The schematic diagram of source circuit.
Same or analogous reference represents same or analogous part in accompanying drawing.
Embodiment
The utility model is described in further detail below in conjunction with the accompanying drawings.
Fig. 3 illustrates has high-order temperature compensated band-gap reference according to a preferred embodiment of the present utility model
The schematic diagram of voltage source circuit.

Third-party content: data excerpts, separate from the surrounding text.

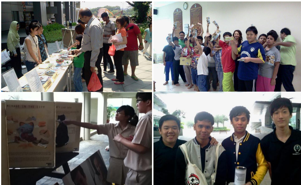
Outreach at offices, childrens' homes and in schools

Students were also encouraged to join our outreach efforts through Flag Day, running awareness booths in their school to educate their peers or join us in community engagement activities such as the Chong Pang door-to-door survey.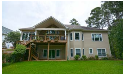
210 Milford Place Lake $559,000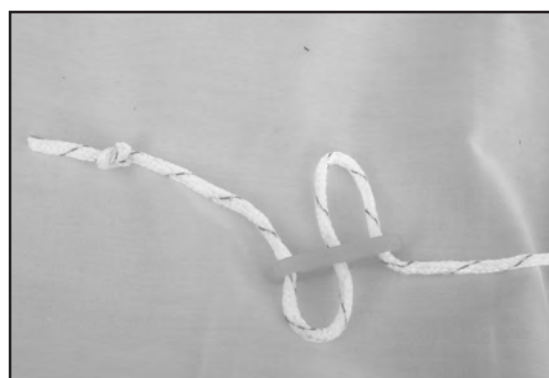
STEP 19 - To secure your tent with guy ropes. Insert the guy rope into clew as shown above.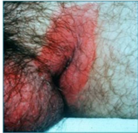
(5) Inverse psoriasis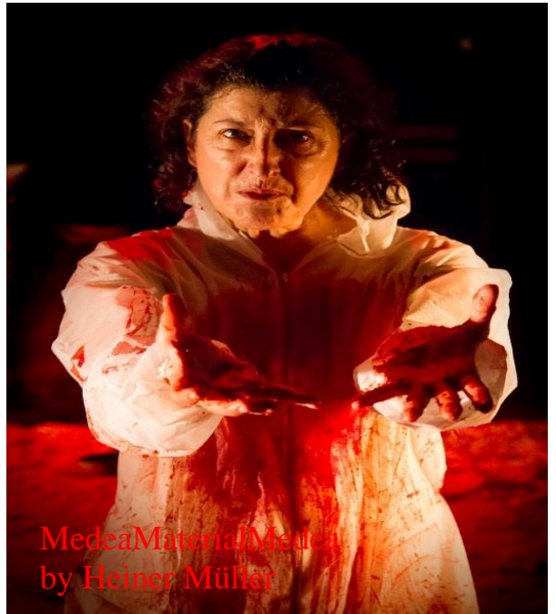
MedeaMaterialMedea by Heiner Müller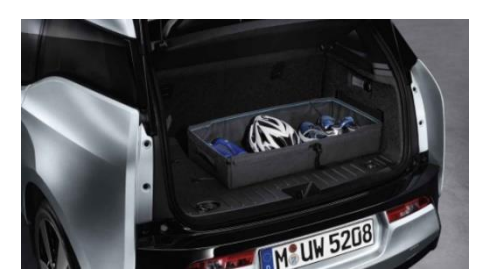
BMW Folding Box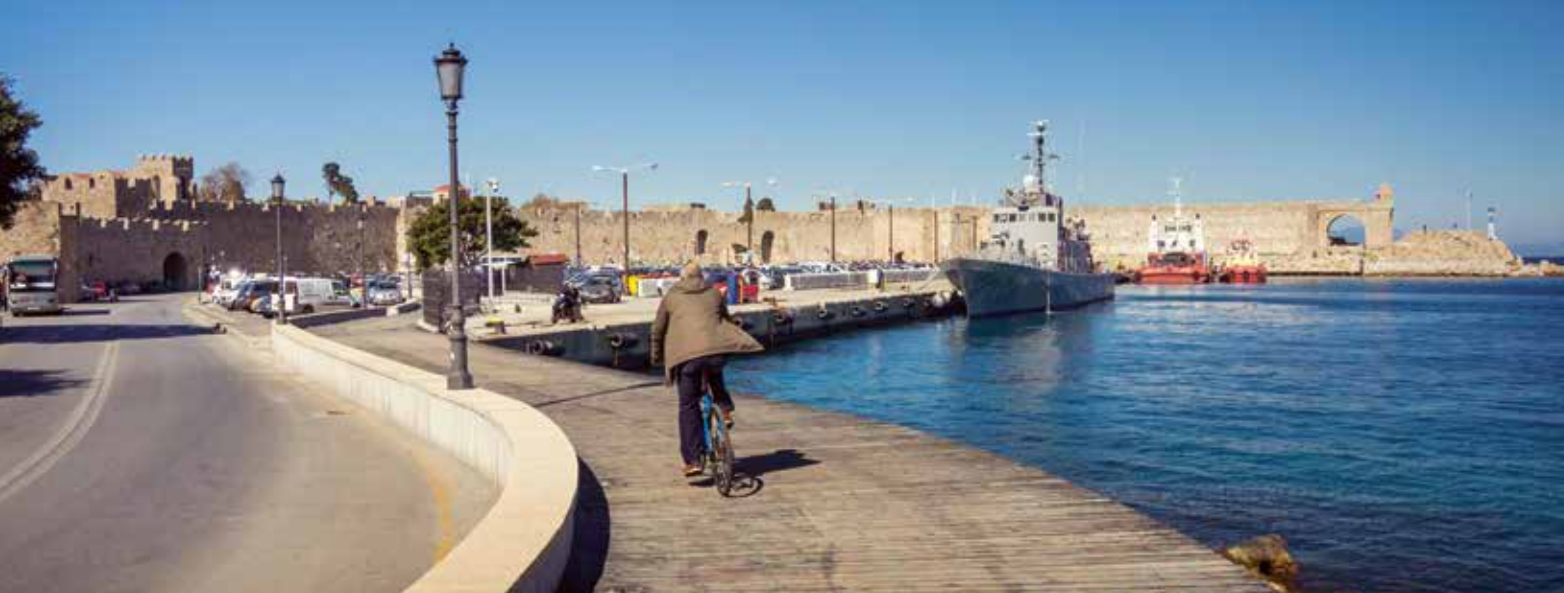
Cyclist peddling toward the city walls of historic Old Town Rhodes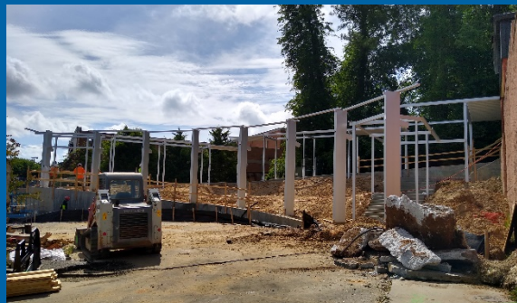
Continue Install of Canopy at ADA Ramp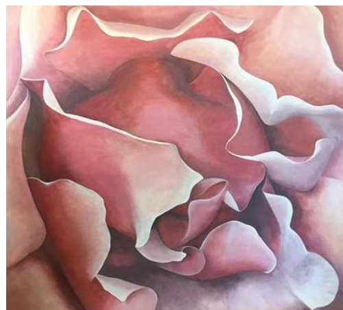
Steven Bryer is inspired by the forms, colors and details discovered in nature. Space 413 , throughout both days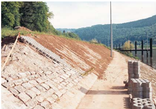
Bank reinforcement with geotextile

Participating at the INDEX show is a tradition for the DiloGroup. On a booth of more than 100 m 2 the companies of the DiloGroup – DiloTemafa, DiloSpinnbau and DiloMachines – will provide widespread information about numerous applications of nonwovens showing various products. Our experts will be available to hold technical discussions with you.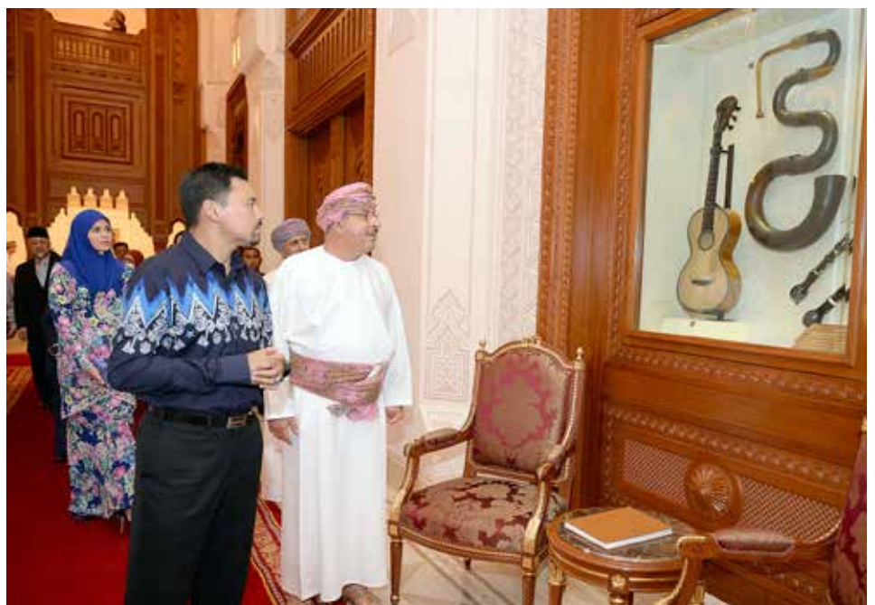
Their Royal Highnesses viewing several exhibits in the Royal Opera House Muscat.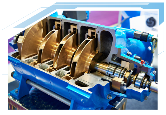
MULTI-STAGE CENTRIFUGAL PUMP

Packaging, laser insulators, X-ray tubes, fluid bearings, firing trays, pressure reduction devices, wear resistant pumps, molten glass pumps, mass spectrometers, high voltage insulators, thermal energy storage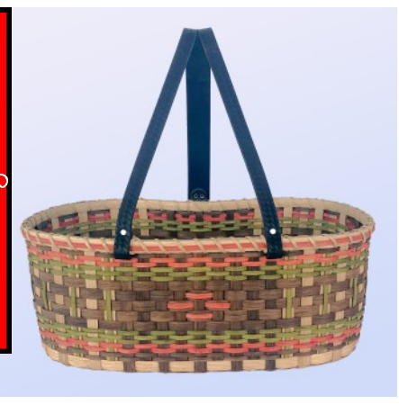
8 TH 013 - 8 HOUR Fit To The Hip Market Marilyn Parr

Unique basket shape that hugs your hip as you carry it close to your body by a newly designed half split handle. Base will be weaver ready for class. Other color choices will be available to pick from. Kit uses smoked and dyed reed, with dyed 1/4" reed used for spoke overlays.

Reference picture 3, the band gap reference voltage source circuit include start-up circuit 1, biasing circuit 2, positive temperature current and produced
Circuit 3, negative temperature current generating circuit 4, high order temperature compensation current generation circuit 5 and electric current supercircuit and band-gap reference electricity
Press generation circuit 6.
Wherein, the start-up circuit 1 is used in power supply electrifying, and start-up circuit helps reference circuit to depart from " zero " merger
Point, normal operating conditions is made it into, after benchmark is established, start-up circuit is turned off.
Wherein, the start-up circuit 1 includes starting resistance R1, NMOS tube:MN1, MN2 and MN5.Wherein, MN1 and MN2 groups
Into current mirror, MN5 is lower trombone slide.

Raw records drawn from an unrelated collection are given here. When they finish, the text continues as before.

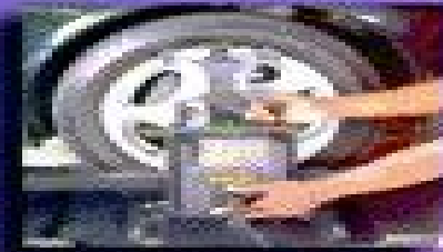
Suspension and Steering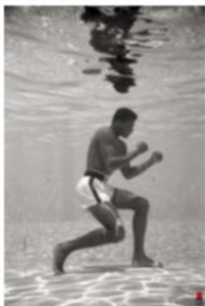
PP32341 - Ali Swimming Pool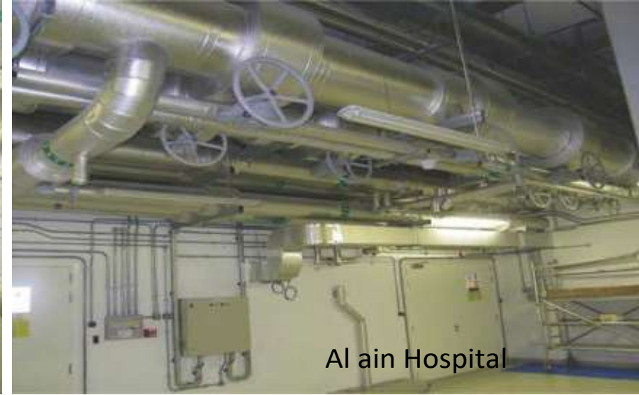
Al ain Hospital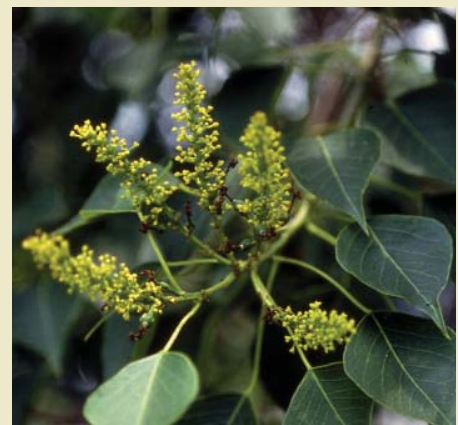
Chinese tallowtree ( Sapium sebiferum )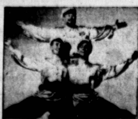
DON COSSACK CHORUS QUEEN CHARLOTTE HIGH SCHOOL - SAT. SEPT. 28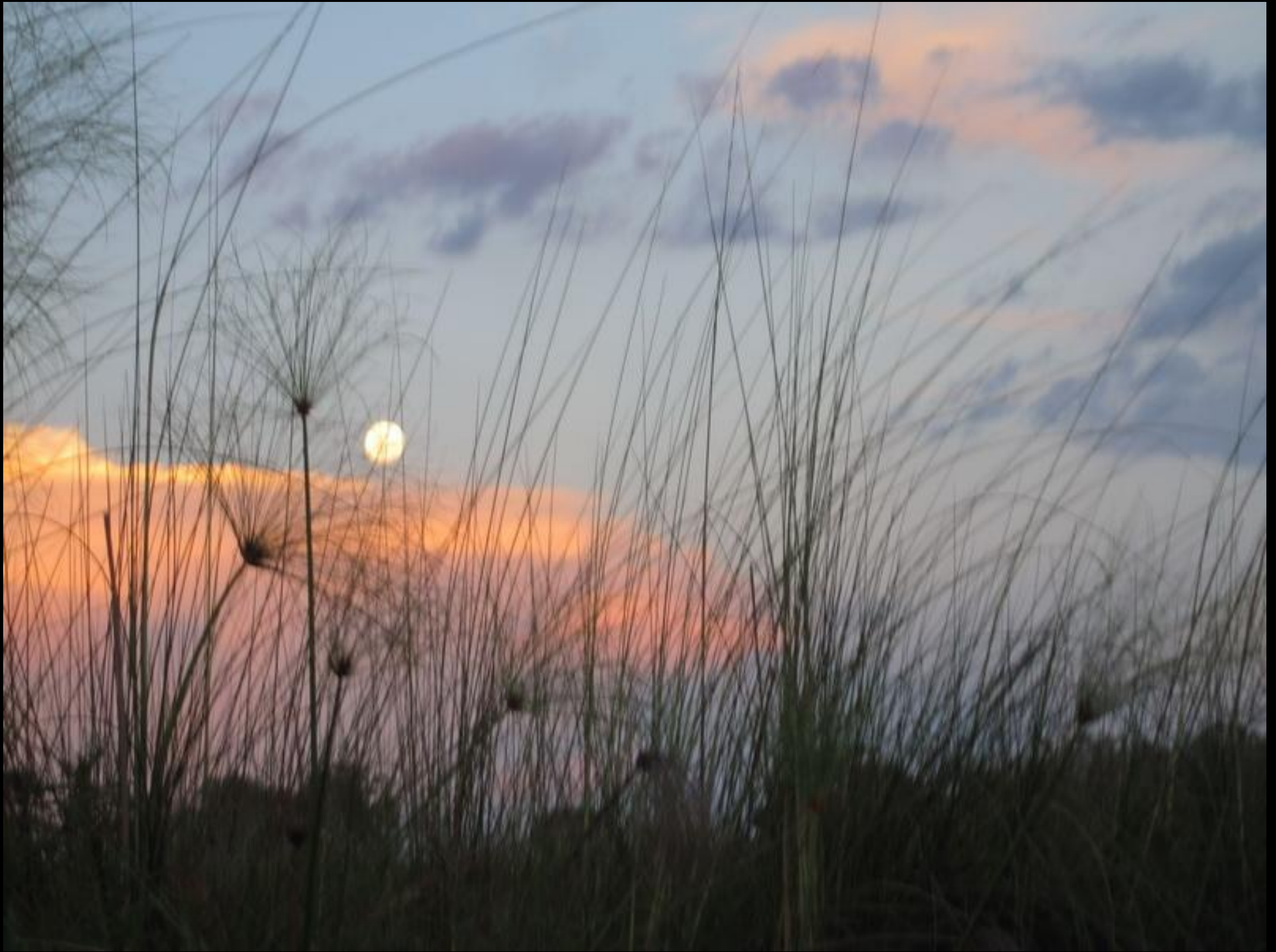
These plants are papyrus, the same plants from which the Egyptians made paper.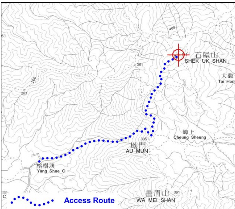
LOCATION MAP (Scale 1:20000)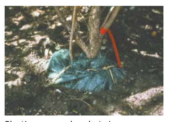
Plastic wrap and poly twine on a B&B shrub.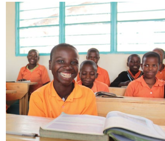
The Rwandan schoolchildren enjoy learning in their new classrooms. •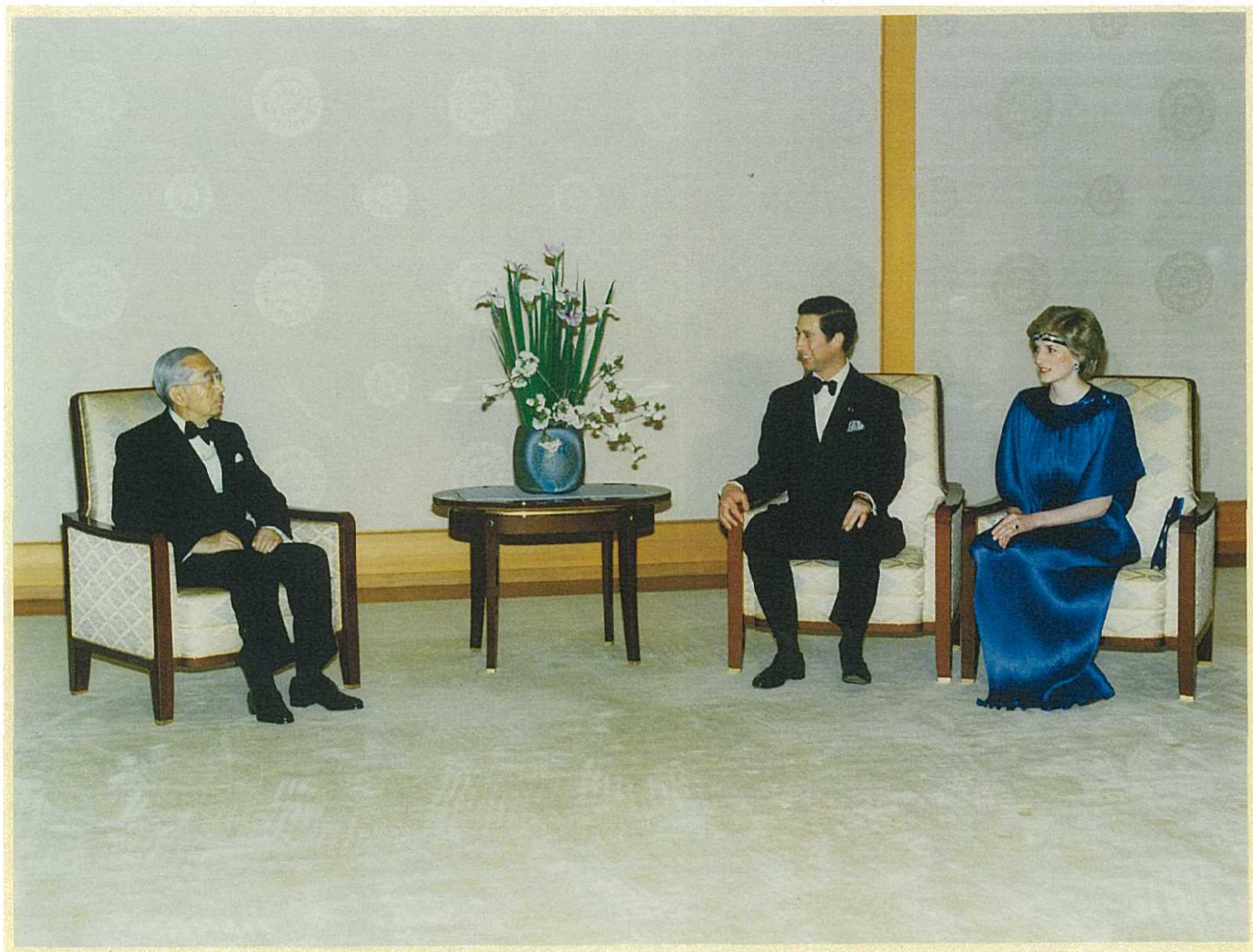
Imperial Audience at Imperial Palace

Wherein, the one end for starting resistance R1 is connected with power supply, the other end and MN1 drain and gate, and MN2 grid
It is connected;MN2 drain electrode is connected with the grid of MP3 and MP5 in MP1 grid, positive temperature current generation circuit 3 in biasing circuit 2;
MN5 drain electrode is connected with MN1 and MN2 grid, and MN5 grid is connected with reference voltage V BG;MN1, MN2 and MN5 source electrode with
Ground is connected.
Wherein, the common grid level in the PMOS cascode amplifiers on the basis of the biasing circuit 2 is used in circuit provides grid
Pole bias voltage.The biasing circuit 2 includes PMOS:MP1 and MP2, NMOS tube:MN3 and MN4.Wherein, MN3 and MN4 compositions
Current mirror.
Wherein, MP1 and MP2 source electrode is connected with power supply, MP1 drain electrode and MN3 grid, drain electrode and MN4 grid
It is connected;MN3 and MN4 source electrode is connected to the ground, and MN4 drain electrode is connected with MP2 grid and drain electrode.

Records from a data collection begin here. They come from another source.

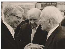
Hund's 70th birthday (1966): Friedrich Hund, Werner Heisenberg, and Max Born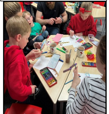
Forces-families egg decorations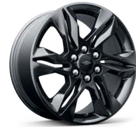
18" Gloss Black-Painted Aluminum Wheels Available on 1LT and 2LT with Midnight/Sport Edition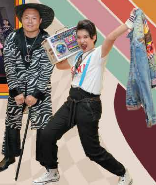
The retro-inspired Best Dressed male and female winners of the night.

Our Lucky Draw Grand Prize winner is off to the dreamy island of Phu Quoc, Vietnam. Congratulations to the rest of our 21 lucky draw winners who went back with their prizes such as a 43" television, air purifier, iPad and more.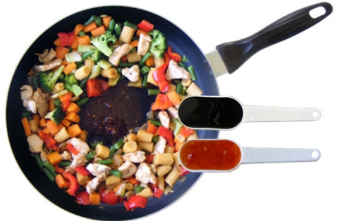
6 Add soy and chilli sauce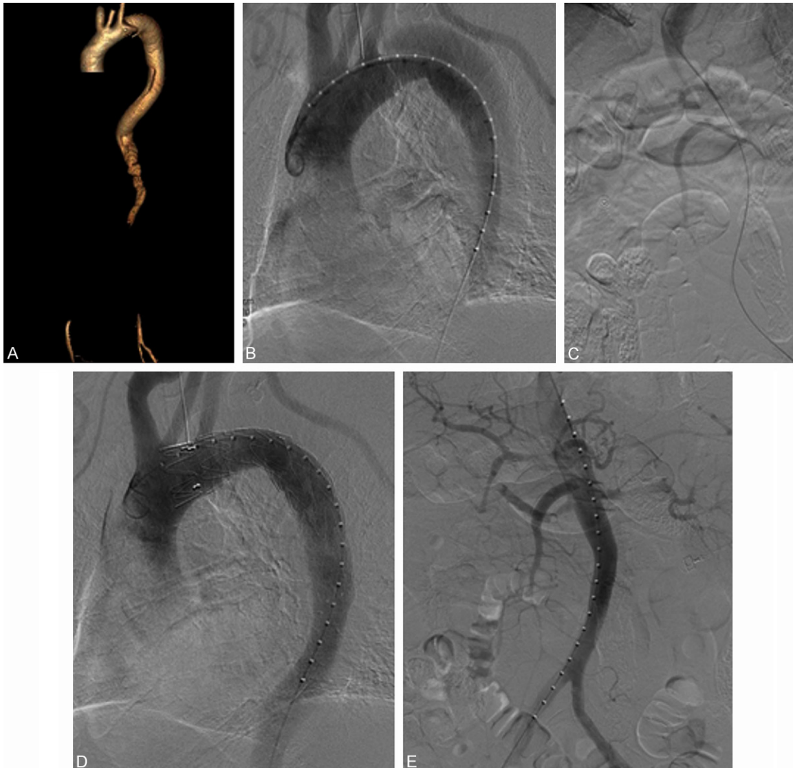
Figure 2. Management of acute abdominal aortic occlusion caused by aortic artery dissection (Debakey III). Diagnosis was made via compute tomography angiography (A) and confirmed by arteriography (B, C). Emergent endovascular aortic repair was performed (D), and then the blood flow of obstructive artery was restored (E).

nal perforation respectively. Both of them were treated with fasting, nutritional support, omeprazole and hemostatics. And both of them recovered.

Wherein, the positive temperature current generation circuit 3 is used to produce positive temperature coefficient electric current IPTAT.The positive temperature electricity
Stream generation circuit 3 includes PMOS MP3, MP4, MP5 and MP6, amplifier OP1, PNP pipe:Q1 and Q2, and resistance R2.Wherein,
MP3 and MP4, MP5 and MP6 separately constitute cascode amplifier.
Wherein, OP1 normal phase input end is connected with resistance R2 one end, MP4 drain electrode, OP1 negative-phase input and Q2
The drain electrode of emitter stage, MP6 be connected, drain electrode, biasing of the OP1 output end with MN2 in MP3 and MP5 grid, start-up circuit 1
MP1 grid is connected in circuit 2;MP4 and MP6 grid is connected with MP2 grid, drain electrode in start-up circuit 1;MP3's and MP5
The source electrode respectively with MP4 and MP6 that drains is connected;The resistance R2 other end is connected with Q1 emitter stage;Q1 and Q2 base stage and collection
Electrode is all connected to the ground.
Wherein, the negative temperature current generating circuit 4 is used to produce negative temperature parameter current ICTAT.The negative temperature electric current
Generation circuit 4 includes amplifier OP2, PMOS:MP7 and MP8, and resistance R3, the negative temperature current generating circuit 4 are multiplexed
Q2 in positive temperature current generation circuit 3.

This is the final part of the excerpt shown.